• Work required: Leaving out the images, return the data below exactly as it is written.

• Material provided:
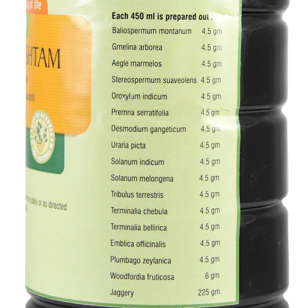 Дандиаришта – препарат, широко используемый в аюрведе как мягкое слабительное, балансирует пищеварительный огонь, устраняет метеоризм, стимулирует работу кишечника, снимает спазмы и боли в животе.
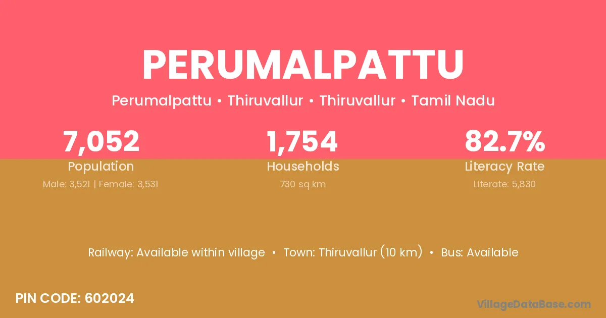Perumalpattu village has a total population of 7,052 people, of which 3,521 are males and 3,531 are females.
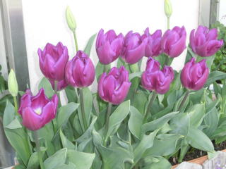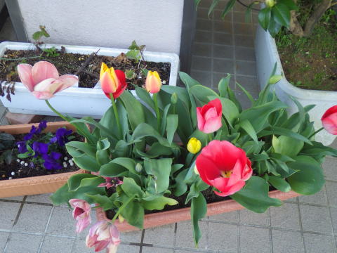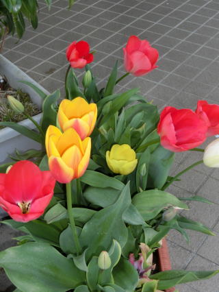 玄関前のプランターのチューリップがみんなが来るのを待っています。

• Your response:
 Дандиаришта – препарат, широко используемый в аюрведе как мягкое слабительное, балансирует пищеварительный огонь, устраняет метеоризм, стимулирует работу кишечника, снимает спазмы и боли в животе.
Perumalpattu village has a total population of 7,052 people, of which 3,521 are males and 3,531 are females.
 玄関前のプランターのチューリップがみんなが来るのを待っています。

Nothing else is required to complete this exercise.